=== HOW TO COMPLETE THIS TASK ===
When you reach the line with "The door key lock", transcribe it and each line after it through the last one below, exactly. Pictures stay out.

[Stored data entries]
┌────────

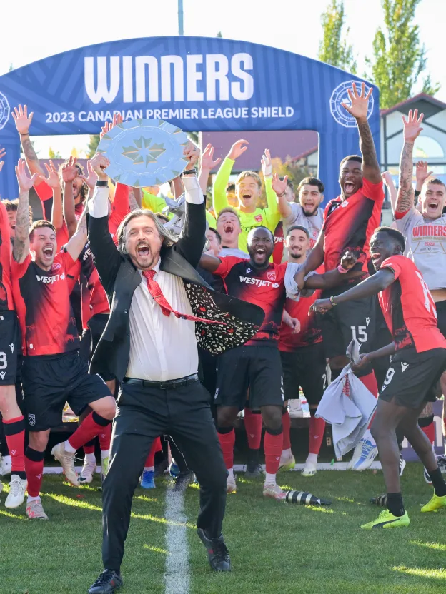 Cavalry FC were presented with the Canadian Premier League Shield on Saturday at ATCO Field, shortly after their 3-0 victory over Pacific FC. The Calgary-based club finished with 55 points in 2023 en route to capturing the regular season championship. Sharing the moment with a litany of fans who joined them on the pitch, the Cavs celebrated their triumph in style and became the first club to lift this latest piece of CPL silverware. Footage courtesy of OneSoccer.
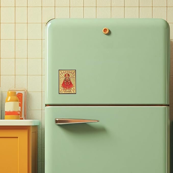 DHRUVS COLLECTION Gold Plated Hare Ka Sahara Baba Shyam Hamara – Khatu Shyam Fridge Magnet with Lacquer Coating for Home Decor, Kitchen, Car Dashboard, Main Door, Office, Pooja, Temple, Workplace
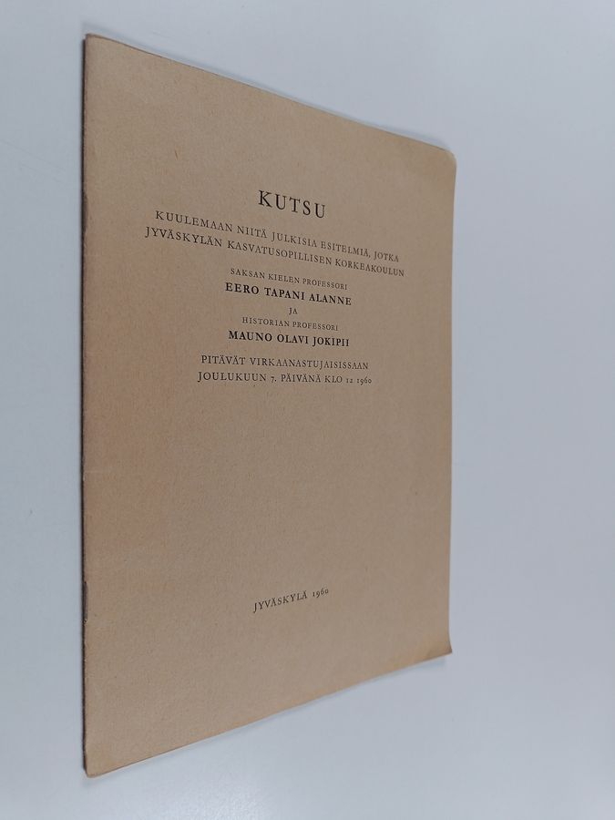Kutsu kuulemaan niitä julkisia esitelmiä, jotka Jyväskylän kasvatusopillisen korkeakoulun saksan kielen professori Eero Tapani Alanne ja historian ...
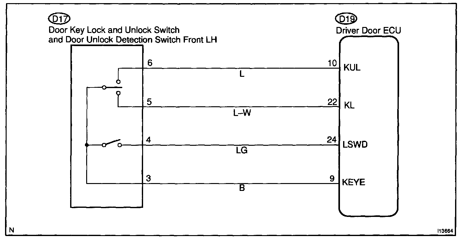 The door key lock and unlock switch is built in the door key cylinder. When the key is turned to the lock side, terminal 3 of the switch is grounded and when the key is turned to the unlock side, terminal 2 of the switch is grounded.
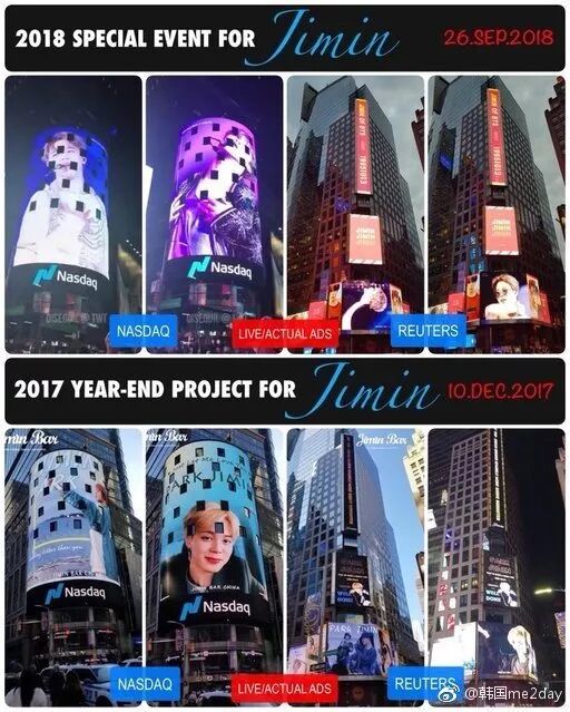 据悉,纽约时代广场的纳斯达克和汤姆逊电光板被称为“世界的交叉路”,一天平均流动人口达到150万。JIMINBAR CHINA曾为迎接朴智旻的24岁生日在中国,荷兰,日本,英国,中国台湾等地进行了18项广告活动,达成历代级的生日祝贺规模。此外,JIMINBAR CHINA在防弹少年团出演《Good Morning America》时,于时代广场的12块大屏幕上投放了朴智旻的个人广告。

└────────

=== YOUR SOLUTION ===
 The door key lock and unlock switch is built in the door key cylinder. When the key is turned to the lock side, terminal 3 of the switch is grounded and when the key is turned to the unlock side, terminal 2 of the switch is grounded.
 据悉,纽约时代广场的纳斯达克和汤姆逊电光板被称为“世界的交叉路”,一天平均流动人口达到150万。JIMINBAR CHINA曾为迎接朴智旻的24岁生日在中国,荷兰,日本,英国,中国台湾等地进行了18项广告活动,达成历代级的生日祝贺规模。此外,JIMINBAR CHINA在防弹少年团出演《Good Morning America》时,于时代广场的12块大屏幕上投放了朴智旻的个人广告。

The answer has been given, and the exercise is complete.